Kids go through a lot, especially as they get older. I've witnessed my fair share of breakups and breakdowns in the small group of kids I have the privilege of knowing. It's rarely pretty. It's often messy. Worse, there comes a point where there is no "win" situation. Rather, there is but the path you should walk and the path you could stay on... which both look rather bleak.
In those times, it's me they come to. Not their parents. They wouldn't even think of telling their parents!
And part of that is, I'm pretty sure, a natural consequence of being a parent. I know my mom and dad always told me that I could come talk to them about anything, but there were things I decided not to share with them. It was more comfortable to confide in a more removed, third-party. But even though my parents didn't know everything going on in my life, they had a pretty clear picture of what I was going through.
The parents of the school children I know are far less in touch.
How could they be? Their kids are gone for the majority of the day. There are also other engagements. And it's often the case that the parents work, further distancing both parties.

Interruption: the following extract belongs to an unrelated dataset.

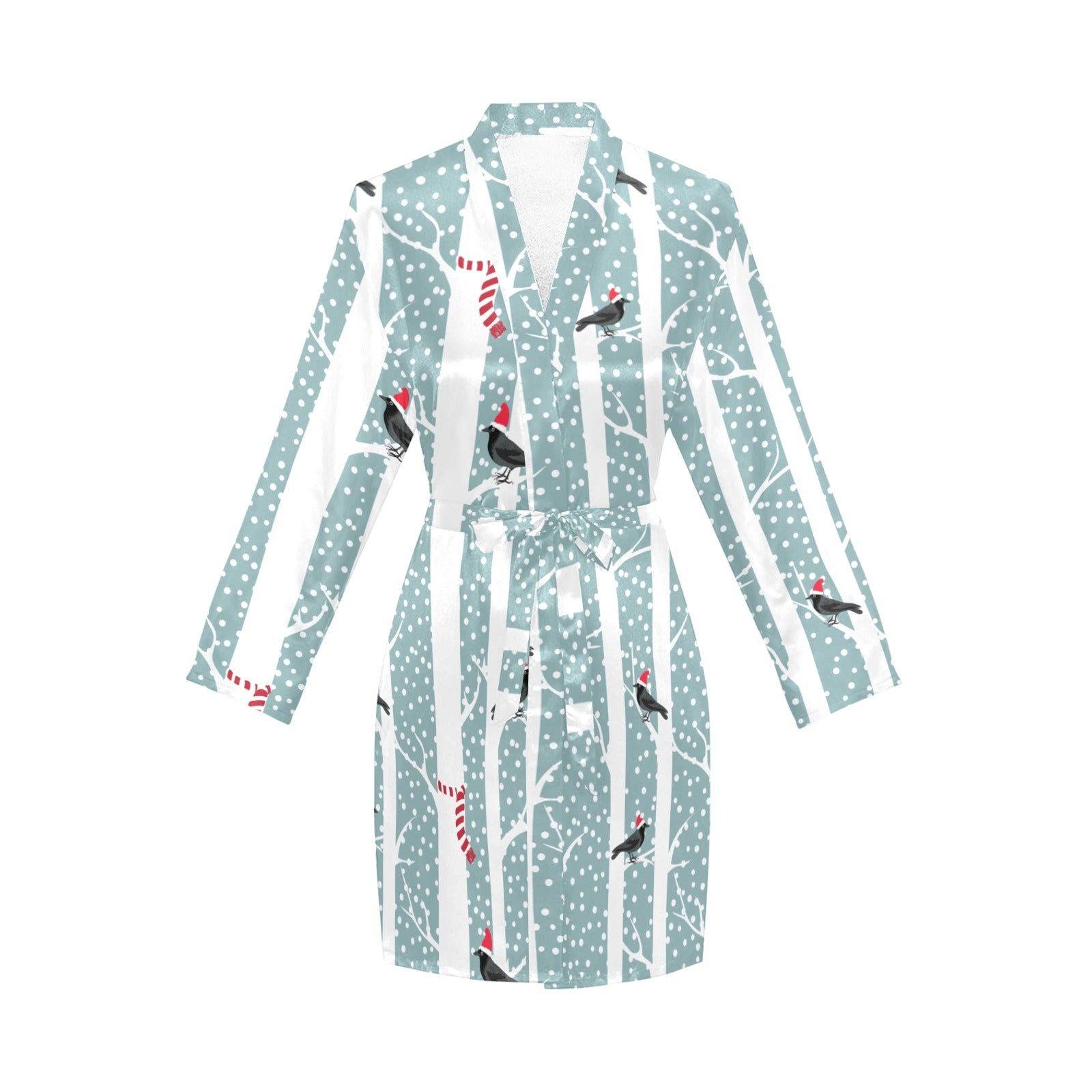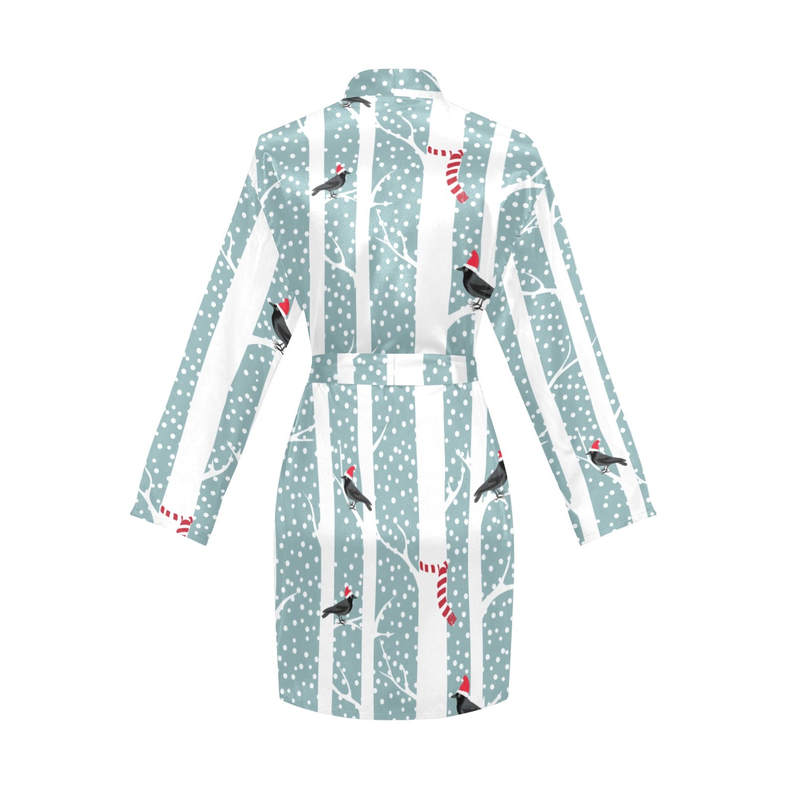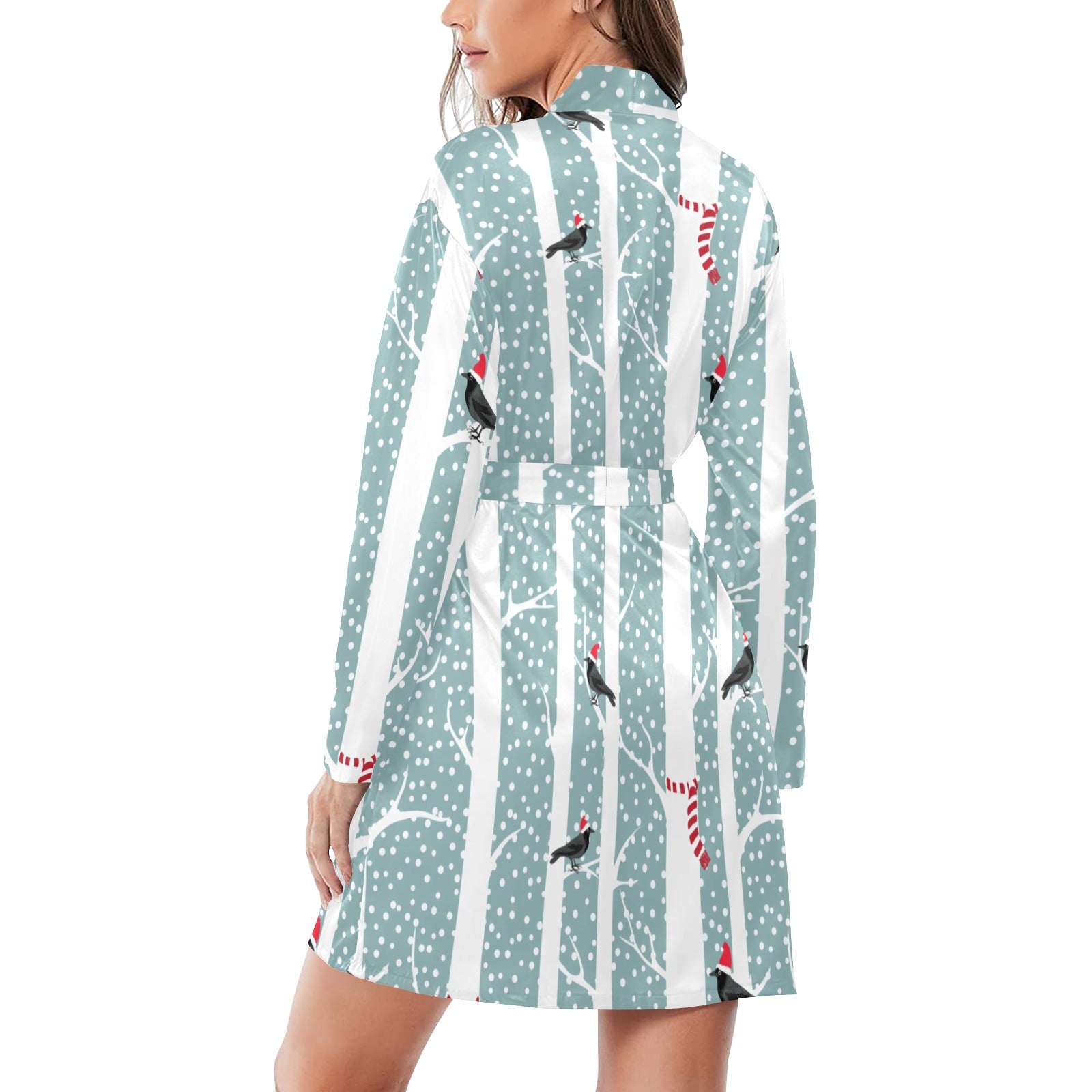 Crows christmas hat scarf Women's Long Sleeve Belted Night Robe
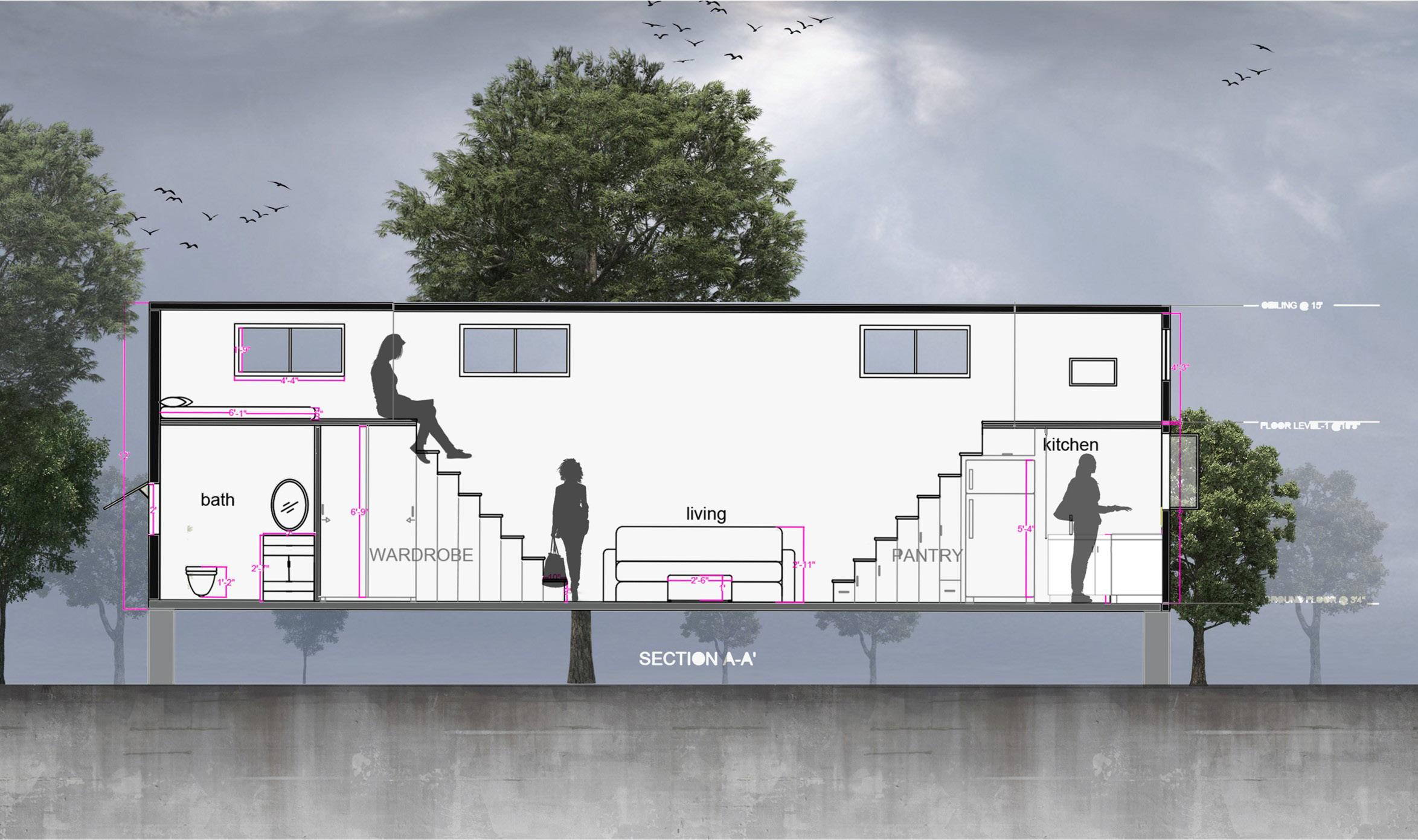 Having to design the space in connection with the context was a key consideration in the design. The space is designed in two levels to minimize space con strains. The lower level of the plan constitutes living area, kitchen, studio space and a bathroom. The upper level constitutes loft bedrooms . The upper level is ac cessed through the stairs that run from the lower level connecting to the upper level. The idea of introducing

As homeschoolers, we spend a ton of time together. Even without snooping, we can get a sense of what's going on. And the close proximity and general availability give us many opportunities to check in and see what's up. Also, because we're there, learning together, discussion and questions are already part of the relationship.
Do you have any tips for staying connected with your kids, whether while homeschooling or after they've "left the nest"?